Yes I did...but was not sure others after you noted this danger or topic. I noted you said that 'if you were off topic' that it was OK for Dave to delete this--and IMO you are not off topic and spot on in addressing the first and foremost thought on this subject--safety. I was just reinforcing your post about safety concerns and the dangers, so you were not a lone voice to bring up the safety considerations and for folks to be very careful....
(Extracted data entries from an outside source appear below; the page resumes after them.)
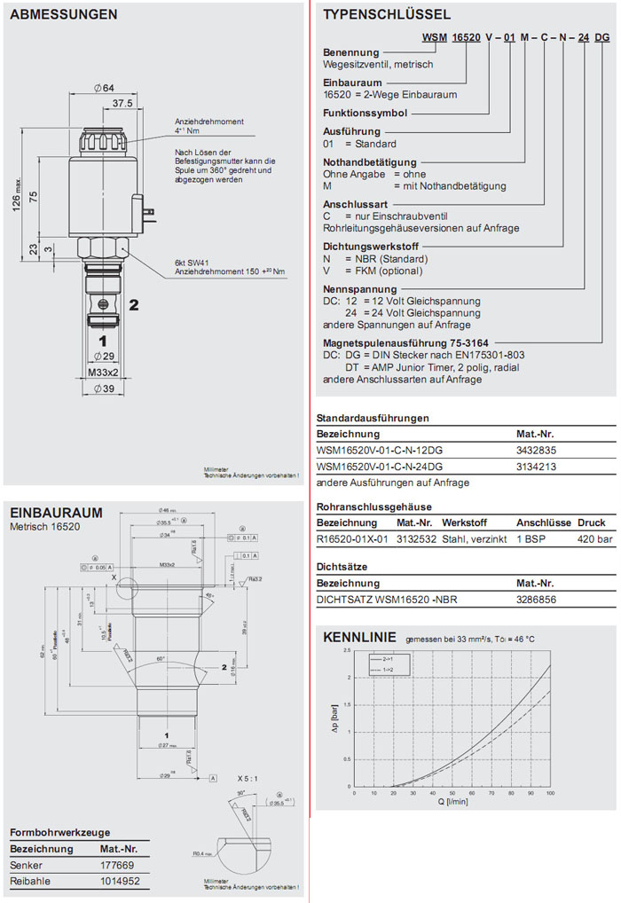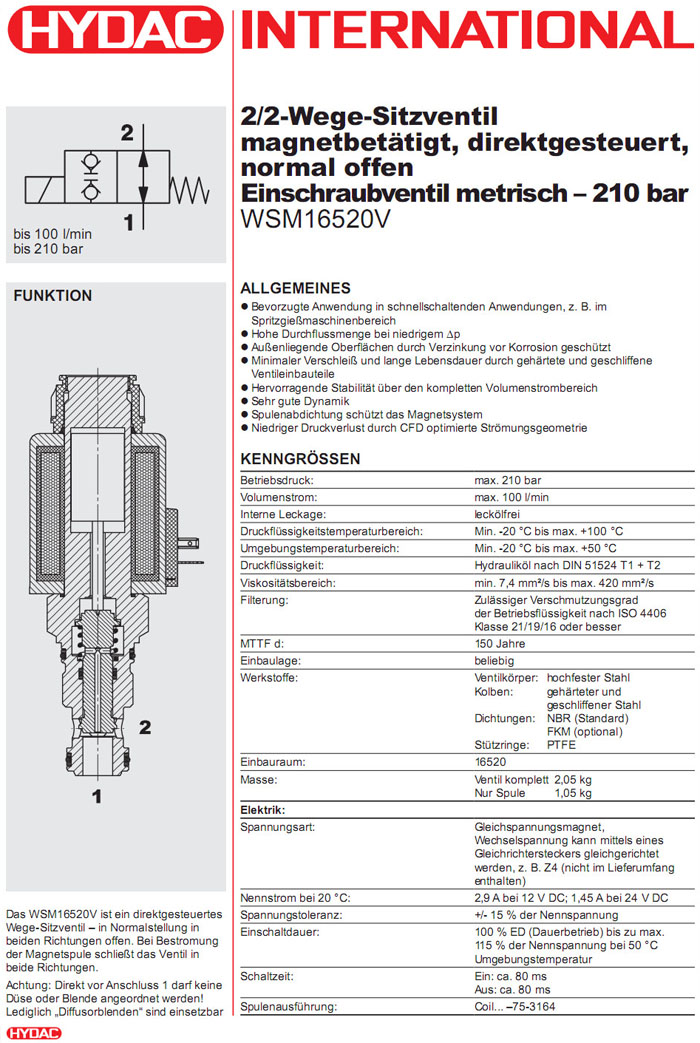 WSM16520V-01-C-N-12DG,WSM16520V-01-C-N-24DG,HYDAC電磁2/2方向座閥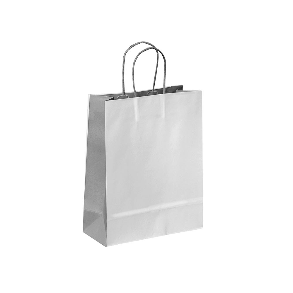 Licht grijs en grijs bedrukte papieren draagtas met omgeslagen bovenrand, gemaakt van 120 grams wit kraft. De draagtas is voorzien van 2 grijze gedraaide papieren handgrepen die zijn ingeplakt aan de binnenzijde van de draagtas.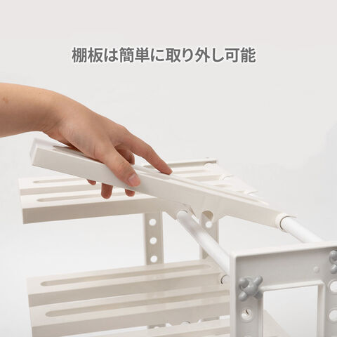 材質:フレーム/PS 棚板・メネジ/PP パイプ/スチール(PPコーティング)、ABS樹脂

Deleting a topic when there is a risk is not neccesarily the way to go--as it leaves questions and concerns unanswered... This topic is not about how to instal or rig--its asking for what kind of plates are out there..and there are various options out there...and while this is allowable for topic (not like doin pyro gags or step by step how to rig stuff overhead), to ask what kind of equipment is out there is fine to learn about--but the subject of Safety and finding the RIGHT plate and what factors to consider, and using proper anchoring for whomever is using the plate or hiring professinal installers etc, should not go without Safety concerns being addressed and reinforced for the benefit of the original poster to consider if they should find a suitable plate....

-w


----------



## Van (Mar 30, 2007)

Cool ! I just realized I might not have worded my response to you in the best way. What i should have said was did you reveiw my post, since you are a senior team memeber I figured you'd have the authority to delete my post or not. Sorry, when i just re-read my post I realised it soundd sort of snooty < not that I'm above that > and that was not my intention. Thanks for the back up. !


----------



## JSFox (Mar 31, 2007)

Thanks all. One option I'm looking at is unistrut. I can do vertical members running up the wall about every 8' and then install P2548 brackets where I need a hang pipe and a P1431 clamp on top to hold the pipe. I'm thinking we might run the vertical members from about 4' above stage floor to about 24' (they conveniently come in 20' lengths for $36. This would allow me to also use them as meatracks along the wall when extra instrument storage is needed.

Thoughts?


----------



## icewolf08 (Mar 31, 2007)

Unistrut nuts = Boingy Nuts!


----------



## Van (Mar 31, 2007)

JSFox said:


> Thanks all. One option I'm looking at is unistrut. I can do vertical members running up the wall about every 8' and then install P2548 brackets where I need a hang pipe and a P1431 clamp on top to hold the pipe. I'm thinking we might run the vertical members from about 4' above stage floor to about 24' (they conveniently come in 20' lengths for $36. This would allow me to also use them as meatracks along the wall when extra instrument storage is needed.
> 
> Thoughts?


 
Unistrut is a great thing. You can greatly reduce the amount of work necessary by installing the unistrut with a goodly thick bead of construction epoxy along the outside edges of the backside, in addition to the bolts used to hold it to the wall. There are so many options for things that hook into unistrut ! I love it.


----------



## gafftaper (Apr 1, 2007)

Van said:


> Unistrut is a great thing. You can greatly reduce the amount of work necessary by installing the unistrut with a goodly thick bead of construction epoxy along the outside edges of the backside, in addition to the bolts used to hold it to the wall. There are so many options for things that hook into unistrut ! I love it.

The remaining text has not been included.